Rab 27a Das Double-Nickase-Plasmid (m) besteht aus einem aufeinander abgestimmten Plasmidpaar, das für die hochspezifische Bearbeitung des Rab27a-Lokus in mouse-Zelllinien entwickelt wurde. Jedes Plasmid exprimiert eine Cas9-D10A-Nickase und eine spezifische sgRNA, die auf entgegengesetzte DNA-Stränge innerhalb von Rab27a abzielt. Wenn sie auf benachbarte Stellen auf entgegengesetzten DNA-Strängen gerichtet sind, erzeugen die beiden Nickasen versetzte Einzelstrang-Schnitte, die zusammen einen versetzten Doppelstrangbruch erzeugen, was eine koordinierte On-Target-Aktivität beider Guides erfordert. Der resultierende DNA-Bruch wird durch endogene zelluläre Reparaturwege behoben, meist durch nicht-homologe Endverknüpfung (NHEJ), was zu Insertionen oder Deletionen führt, die die Rab27a-Funktion stören.
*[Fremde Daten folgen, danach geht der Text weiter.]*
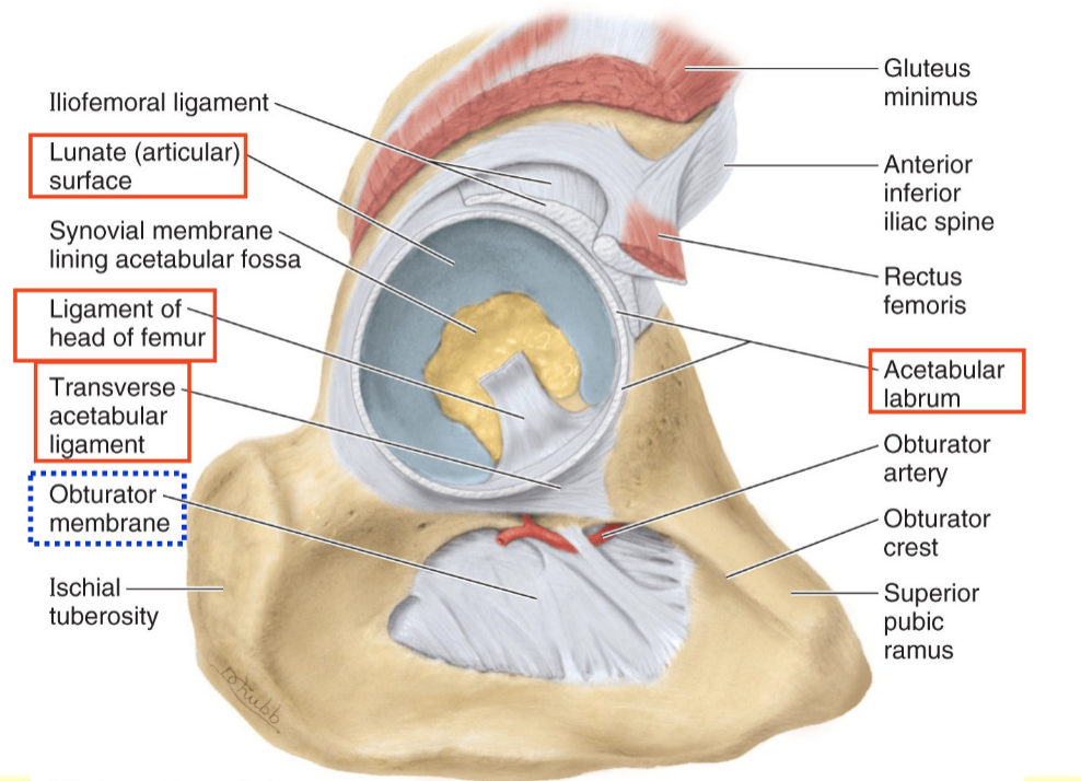 The acetabular labrum is a ring of fibrocartilage that runs around the outer rim of the acetabulum.

Durch die Notwendigkeit einer doppelten sgRNA-Bindung am Zielort erhöht der Doppel-Nick-Ansatz die Spezifität der Bearbeitung und bietet eine komplementäre CRISPR-Strategie für Anwendungen, bei denen eine zusätzliche Kontrolle über die Zielgenauigkeit gewünscht ist.
Um eine effiziente Identifizierung editierter Zellen zu unterstützen, kodiert ein Plasmid GFP zur fluoreszierenden Visualisierung transfizierter Populationen, während das Begleitplasmid ein Puromycin-Resistenzgen für die Antibiotika-Selektion trägt. Zusammen unterstützen diese Merkmale eine effiziente Anreicherung co-transfizierter Populationen und vereinfachen die Validierung von Klonen mit Rab27a-Störung.
Nur für Forschungszwecke. Nicht für diagnostische oder therapeutische Zwecke bestimmt.